Your assignment: Print the entries below exactly as they appear, from the first line up to and including the line with "The Kaisley dress". Do not print any pictures.

Records shown:
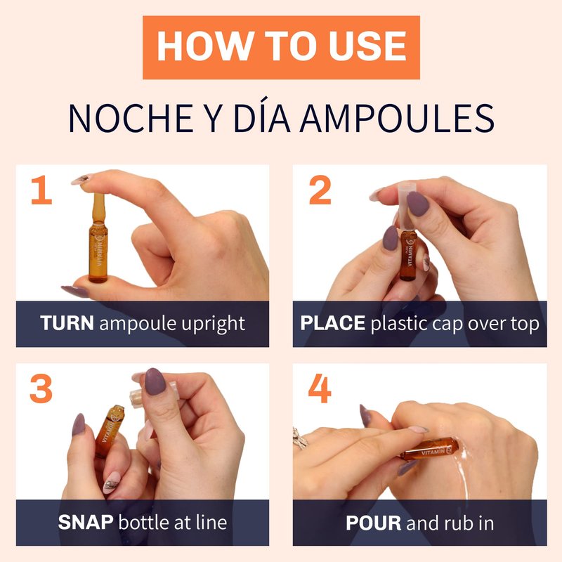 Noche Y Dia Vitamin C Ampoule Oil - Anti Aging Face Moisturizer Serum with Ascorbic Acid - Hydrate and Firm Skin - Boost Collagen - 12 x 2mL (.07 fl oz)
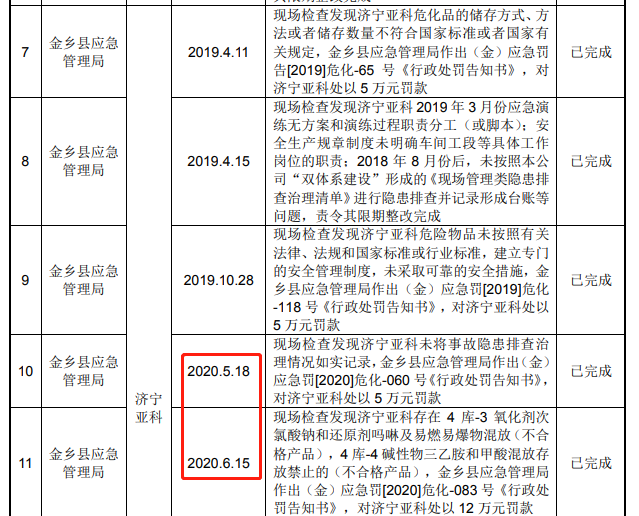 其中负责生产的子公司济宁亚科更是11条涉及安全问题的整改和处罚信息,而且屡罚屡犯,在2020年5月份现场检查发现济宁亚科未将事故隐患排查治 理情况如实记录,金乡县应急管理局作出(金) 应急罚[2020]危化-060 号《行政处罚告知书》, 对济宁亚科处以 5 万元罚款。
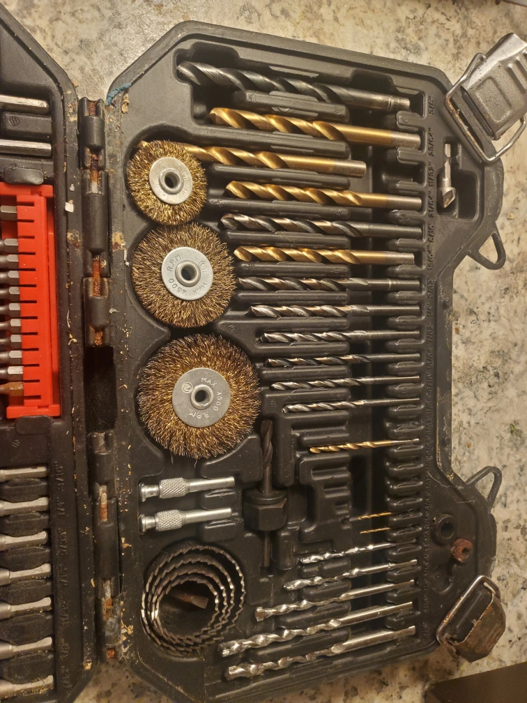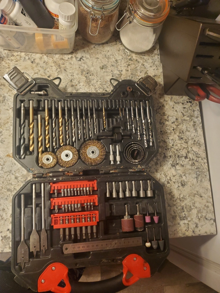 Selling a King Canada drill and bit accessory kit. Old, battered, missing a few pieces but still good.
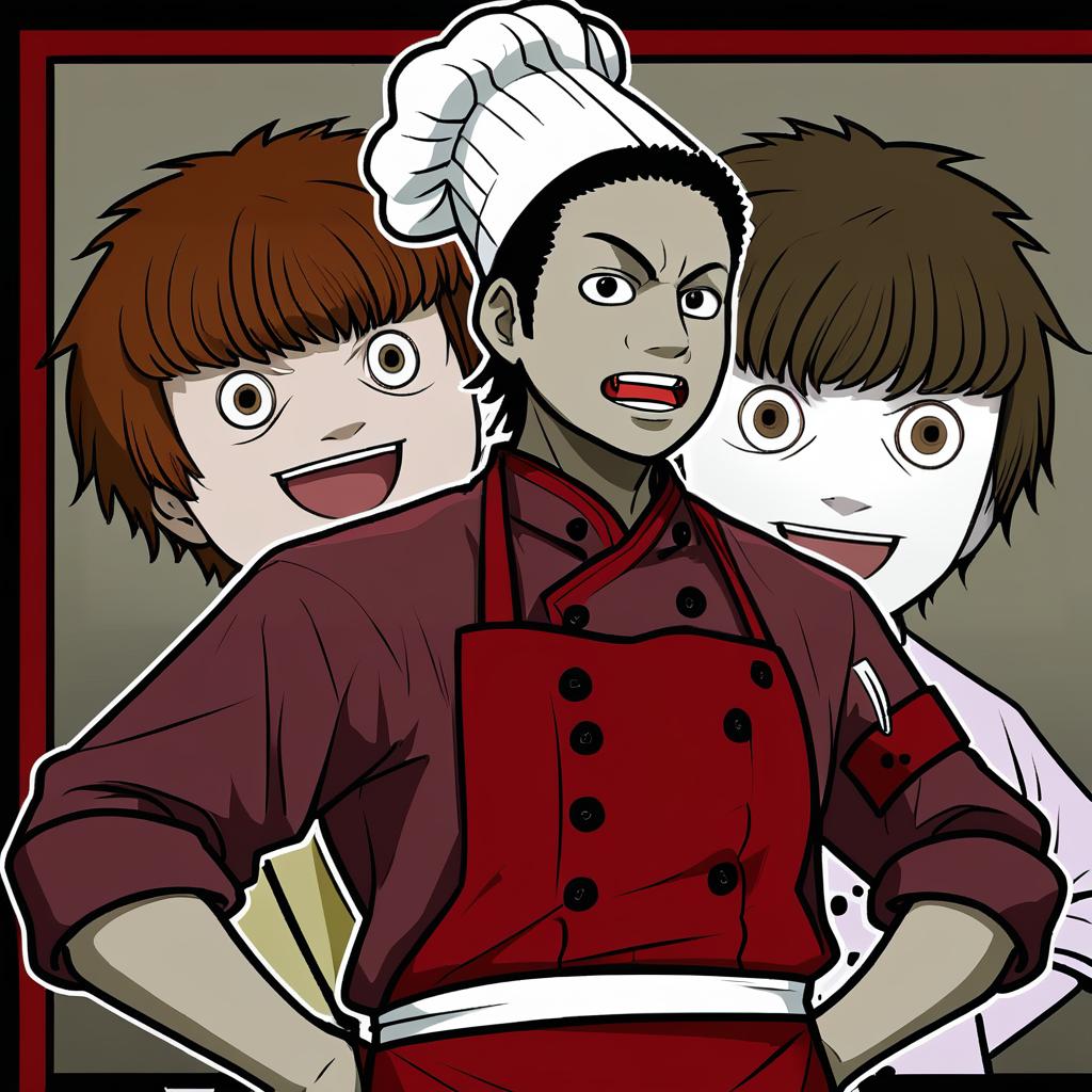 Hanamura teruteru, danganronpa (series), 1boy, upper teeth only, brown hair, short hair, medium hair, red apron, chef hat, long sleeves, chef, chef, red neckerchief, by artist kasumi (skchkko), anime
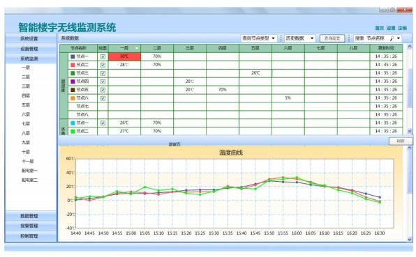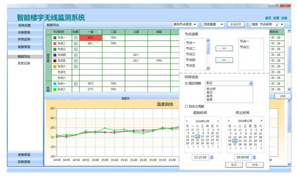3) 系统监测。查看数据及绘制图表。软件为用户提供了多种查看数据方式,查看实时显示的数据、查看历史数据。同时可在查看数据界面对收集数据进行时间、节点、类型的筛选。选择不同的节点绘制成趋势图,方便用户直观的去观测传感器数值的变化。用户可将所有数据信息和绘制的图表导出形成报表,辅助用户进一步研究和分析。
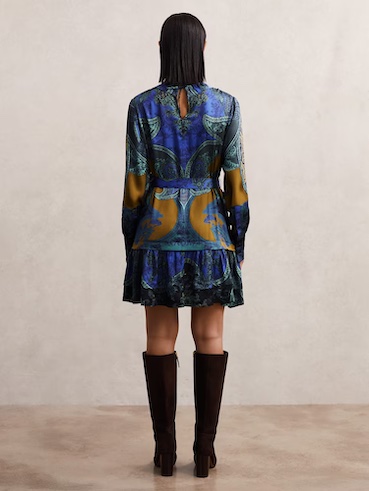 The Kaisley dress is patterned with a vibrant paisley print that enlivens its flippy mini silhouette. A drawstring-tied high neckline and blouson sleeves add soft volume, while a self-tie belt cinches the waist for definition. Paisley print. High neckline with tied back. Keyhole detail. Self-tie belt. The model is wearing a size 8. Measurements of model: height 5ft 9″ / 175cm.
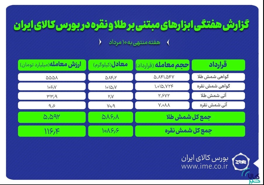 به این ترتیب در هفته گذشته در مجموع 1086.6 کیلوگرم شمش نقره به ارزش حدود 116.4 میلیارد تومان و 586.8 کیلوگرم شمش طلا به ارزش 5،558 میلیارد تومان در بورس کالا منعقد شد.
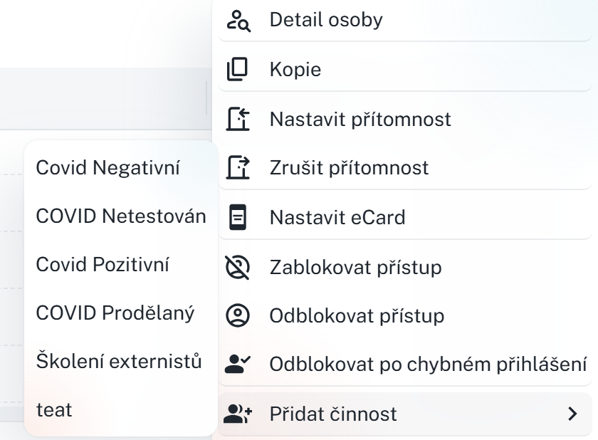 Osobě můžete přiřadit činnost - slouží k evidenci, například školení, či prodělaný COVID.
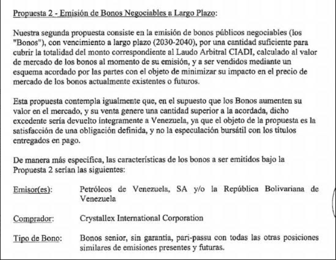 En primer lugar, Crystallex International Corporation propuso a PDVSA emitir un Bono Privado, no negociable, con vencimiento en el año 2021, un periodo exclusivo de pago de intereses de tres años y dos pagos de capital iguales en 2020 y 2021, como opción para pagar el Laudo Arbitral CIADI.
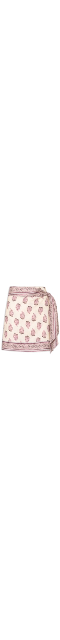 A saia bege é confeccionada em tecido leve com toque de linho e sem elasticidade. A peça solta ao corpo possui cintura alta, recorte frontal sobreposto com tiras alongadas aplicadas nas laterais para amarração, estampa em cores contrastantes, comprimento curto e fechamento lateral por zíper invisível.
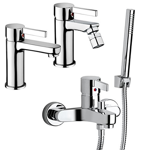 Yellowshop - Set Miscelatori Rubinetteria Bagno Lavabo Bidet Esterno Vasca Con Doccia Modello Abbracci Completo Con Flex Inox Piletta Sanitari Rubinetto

Answer for this exercise:
 Noche Y Dia Vitamin C Ampoule Oil - Anti Aging Face Moisturizer Serum with Ascorbic Acid - Hydrate and Firm Skin - Boost Collagen - 12 x 2mL (.07 fl oz)
 其中负责生产的子公司济宁亚科更是11条涉及安全问题的整改和处罚信息,而且屡罚屡犯,在2020年5月份现场检查发现济宁亚科未将事故隐患排查治 理情况如实记录,金乡县应急管理局作出(金) 应急罚[2020]危化-060 号《行政处罚告知书》, 对济宁亚科处以 5 万元罚款。
 Selling a King Canada drill and bit accessory kit. Old, battered, missing a few pieces but still good.
 Hanamura teruteru, danganronpa (series), 1boy, upper teeth only, brown hair, short hair, medium hair, red apron, chef hat, long sleeves, chef, chef, red neckerchief, by artist kasumi (skchkko), anime
3) 系统监测。查看数据及绘制图表。软件为用户提供了多种查看数据方式,查看实时显示的数据、查看历史数据。同时可在查看数据界面对收集数据进行时间、节点、类型的筛选。选择不同的节点绘制成趋势图,方便用户直观的去观测传感器数值的变化。用户可将所有数据信息和绘制的图表导出形成报表,辅助用户进一步研究和分析。
 The Kaisley dress is patterned with a vibrant paisley print that enlivens its flippy mini silhouette. A drawstring-tied high neckline and blouson sleeves add soft volume, while a self-tie belt cinches the waist for definition. Paisley print. High neckline with tied back. Keyhole detail. Self-tie belt. The model is wearing a size 8. Measurements of model: height 5ft 9″ / 175cm.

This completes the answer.